The photosynthetic inhibitory effect of atrazine (2-chloro-4-ethylamino-6-isopropyl amino-1,3,5-triazine) and three of its major metabolites (deethylated, deisopropylated, and hydroxyatrazine) were determined for four species of submerged macrophytes: Potamogeton perfoliatus L., Ruppia maritima L., Myriophyllum spicatum L., and Zannichellia palustris L. The four species showed a similar response to varied dosages of the parent atrazine compound with an average I1 (concentration at which photosynthesis is inhibited by 1%) for the four species of 20 µg/L and an average I50 (concentration at which photosynthesis is inhibited by 50%) for the four species of 95 µg/L. The three major degradation metabolites of atrazine produced varying degrees of photosynthetic inhibition in the four species, but generally the order of toxicity was deethylated > deisopropylated > hydroxyatrazine with hydroxyatrazine causing an apparent stimulation of photosynthesis in several species. Of four species tested, Myriophyllum spicatum L. was the most resistant to atrazine and its metabolites. The magnitude of the actual uptake of the compounds [µg compound/grams dry wt (gdw) plant] by the plants correlated closely with the photosynthetic inhibitory response, i.e., at the same concentration the uptake of atrazine > deethylated > deisopropylated > hydroxyatrazine.
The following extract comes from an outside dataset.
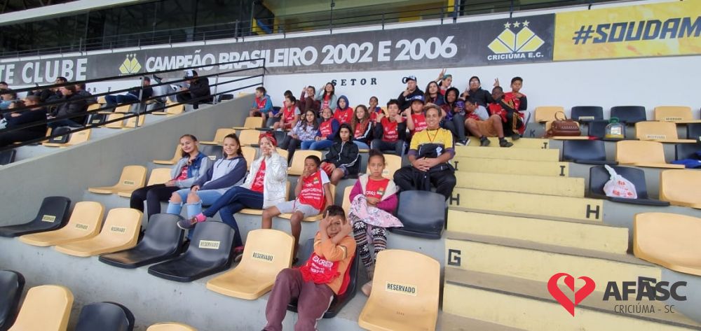 Um passeio muito agradável, de integração e lazer foi proporcionado para os participantes do Serviço de Convivência e Fortalecimento de Vínculos (SCFV) do Centro de Referência de Assistência Social (CRAS) Tereza Cristina. Crianças e adolescentes tiveram a oportunidade de conhecer o estádio Heriberto Hulse, e acompanhar a final da Copa Sub 17, entre Criciúma e Internacional. Crianças e adolescentes foram acompanhados pela orientadora social, Simone Feltrin, pelo facilitador social Carleno Canuto e o coordenador do CRAS, Rodrigo Sakae, que viabilizou a visita.
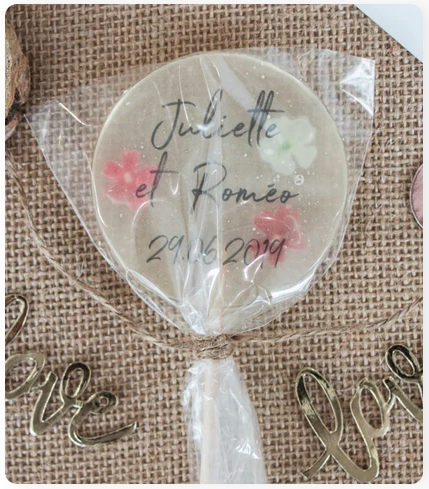 3) Des sucettes personnalisées fleuriesTu pourras y mettre vos prénoms et la date du mariage et même rajouter des fleurs en sucre à l’intérieur pour un côté encore plus champêtre

Considering that an extremely high environmental concentration (0.5 mg/L) of deethylated atrazine for an estuary only produced a photosynthetic inhibition of from 20 to 40% in four major species of submerged macrophytes, it is concluded that the degradation products of atrazine tested did not play a major role in the disappearance of the submerged vascular plants from the Chesapeake Bay.